EVENT PLANNER’S LIABILITY TO THE CLIENT IN CONNECTION WITH THIS AGREEMENT, OR THE SALE, DELIVERY, OR USE OF ANY SERVICES OR MATERIALS, OR ANYTHING ELSE FURNISHED HEREUNDER, WHETHER BASED UPON BREACH OF CONTRACT, WARRANTY, NEGLIGENCE, OR OTHERWISE, SHALL IN NO CASE EXCEED THE AMOUNT PAID TO EVENT PLANNER BY THE CLIENT WITH RESPECT TO THE PARTICULAR SERVICES, MATERIALS, OR OTHER THINGS FORMING THE BASIS FOR SUCH LIABILITY EXCLUDING FRAUD, THEFT OR INTENTIONAL MALFEASANCE. IN NO EVENT SHALL EVENT PLANNER BE LIABLE TO THE CLIENT FOR ANY DAMAGES, WHETHER OR NOT FORESEEABLE AND WHETHER OR NOT ARISING FROM ANY NEGLIGENT ACT OR OMISSIONS ON THE PART OF ANY PERSON, INCLUDING, WITHOUT LIMITATION, THOSE FOR MENTAL OR ANGUISH EXCLUDING FRAUD, THEFT OR INTENTIONAL MALFEASANCE.
ANY CONTROVERSY BETWEEN THE PARTIES CONCERNING THIS AGREEMENT OR THE RIGHTS OR OBLIGATIONS OF EITHER PARTY UNDER THIS AGREEMENT SHALL BE SUBMITTED TO ARBITRATION, ON THE WRITTEN REQUEST OF ONE PARTY SERVED ON THE OTHER, AND SUCH ARBITRATION SHALL COMPLY WITH AND BE GOVERNED BY THE PROVISIONS OF THE COMMERCIAL ARBITRATION RULES OF THE AMERICAN ARBITRATION ASSOCIATION. THE PARTIES SHALL SELECT A SINGLE ARBITRATOR WHOSE DECISION SHALL BE FINAL, CONCLUSIVE AND BINDING.
Any party prevailing in any action brought by such party to enforce or interpret the terms of this Agreement, or for damages for a breach of this Agreement shall be entitled to receive reasonable attorney’s fees, in addition to all other relief to which such party may be entitled.

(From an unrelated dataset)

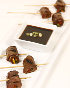 Dip 1 slice beef in the soy sauce mixture, and place it on a clean surface. Sprinkle with salt and pepper. Place 2 pieces of scallion green and 1 piece of each pepper across the shorter length of the beef, so that the vegetables extend over both edges by about 3/4-inch. Roll up lengthwise, and skewer near the edges with 2 toothpicks. Set aside. Repeat with remaining beef and vegetables.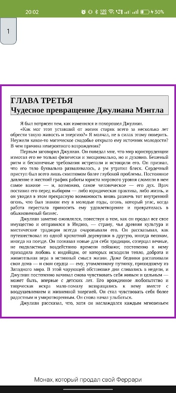 اتضح أنه لم يكن بحاجة إلى سيارته. كنت بحاجة للحكمة. لذلك بعد أن خسر من كل التوتر بأزمة قلبية ، باع كل شيء وذهب إلى الجبال. هناك وجد حكماء علموه الفضائل السبع ، وأخذوا منه وعدًا بأن ينقلوا تعاليمهم.

Interest shall accrue on all sums due or found to be due under this Agreement at the lower of the rate of 18% per annum or the maximum rate then permitted by laws of the State of North Carolina.
CONTRACT TERMS EXCLUSIVE
This Agreement constitutes the entire agreement between the parties, and supersedes all prior agreements concerning the subject matter of this Agreement. Except as expressly stated in this Agreement, Event Planner has made not representation to the Client with respect to the subject matter of this Agreement, and Event Planner has made no representation that has induced the Client’s execution and delivery of this Agreement.
MODIFICATION OF CONTRACT
No waiver or modification of this Agreement or of any covenant, condition, or limitation contained in this Agreement shall be valid, and not evidence of any such waiver or modification shall be offered or received in evidence in any proceeding between parties that arises out of or affects this Agreement, or the rights or obligations of the parties under this agreement, unless such waiver or modification is in writing and duly executed by the party to be bound by such waiver or modification.
CHOICE OF LAW AND VENUE
This Agreement has been executed in the State of North Carolina and shall be construed and enforced under the laws of the State of North Carolina, without reference to choice of law provisions, and any suit or other proceeding concerning this Agreement shall be instituted and maintained in Alamance County, North Carolina.